David Schlachter

Flowers for Algernon—Review

My review of the December 15th, 2007 performance of Immaculata High School’s production of “Flowers for Algernon”, for the Cappies.

Rising drastically, only to fall. Intelligence and logic, tripled, emotion left undeveloped. A wholesome, good-natured character, who tragically loses everything he gained. And one difficult script to interpret, performed beautifully in Immaculata High School’s production of, “Flowers for Algernon”.

Based on the 1966 novel by Daniel Keyes, Flowers for Algernon is the story of Charlie Gordon (Cory Mes), a man with a mental disability. Parallel to a mouse named Algernon, he is selected for an experiment which will make him a genius. However, as his intelligence rises, his trusting emotional self, represented by Teenage Charlie (Daniel Feil), is left behind. Matters are complicated by his conflicting romantic interest, Alice Kinnian (Allison Harris), and ambitious doctors Nemur (James Smith) and Strauss (Jordan Cyr). In a tragic twist, Charlie discovers that his newly-found intelligence is fleeting, and soon he will regress to his former level, leading to an urgent search for answers and reconciliation.

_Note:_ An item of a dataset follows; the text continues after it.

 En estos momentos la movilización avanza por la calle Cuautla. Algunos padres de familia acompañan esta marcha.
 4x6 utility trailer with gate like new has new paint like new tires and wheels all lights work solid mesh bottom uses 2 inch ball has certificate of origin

Directed by student Kaitlyn Duthie-Kannikkatt, the creative vision and unity of the production was impressive. Use of a silhouette screen showed flashbacks to Charlie’s past effectively, enticing the imagination to supply details. Also, well-designed period costumes subtly established setting and mood when appropriate.

As Charlie Gordon, Cory Mes was entirely believable. Through his voice and personal manner onstage, he reflected Charlie’s humanity and essential goodness. His appropriate timing and pacing were effective particularly when building tension or tenderness, and his interaction with Teenage Charlie (Daniel Feil) was touching and memorable, yet tragic. Mes confidently played Charlie’s constantly developing role with understanding and empathy. Allison Harris, as Miss Kinnian, portrayed her role authentically, especially in displaying caring and interest in Charlie’s well-being. Her appropriately expressive interpretation of Miss Kinnian was convincing, and provided a stable backdrop to Charlie’s rapidly changing character.

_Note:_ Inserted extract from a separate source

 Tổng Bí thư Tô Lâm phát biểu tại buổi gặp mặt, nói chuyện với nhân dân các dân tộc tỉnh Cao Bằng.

James Smith and Jordan Cyr, as doctors Nemur and Strauss, respectively, were powerful characters and a good ensemble. When they were onstage together, they fed off each other’s energy and were very effective, especially when conveying their ambition. Smith, who put on a voice for the entire show, carried it well and modulated it effectively. As the often raging Doctor Nemur, his anger and emotional intensity was well expressed, never overacted, and always in keeping with his character. Cyr, as Doctor Strauss, consistently reacted appropriately to action onstage and used effective body language, even when focus was not directly on his character, to make his role convincing. He never seemed to lose focus and always stayed in his sympathetic character.

Khatrina Baxter, as Mother Gordon, portrayed a viciously caring mother and a broken lady with a melancholy grace. Her difficult role was essential in understanding Charlie, and Baxter did not disappoint. The other members of the Gordon Family were also effective. Daniel Feil, as Teenage Charlie, communicated Charlie’s fundamental goodness with skill in expression and movement, for a severely empathetic and touching performance.

Sound in the production was very complex, as it involved many, many cues. Complex use of voiceovers, effects, and music always seemed natural and never distracted from the performance. The sound crew, Geoff McCaldin and Ted Fadden, handled their tasks admirably. Also, lighting was used to great effect, always complementing other aspects of performance.

Immaculata High School’s production of Flowers for Algernon proved to be a touching and enjoyable performance, featuring impressive focus and skill. Characters were fully developed as appropriate, and minor problems were easily overshadowed by the show’s successes. Despite the tragedy of the plot, Charlie’s fundamental goodness gave the show an uplifting positive light. And won’t somebody please put some flowers on Algernon’s grave?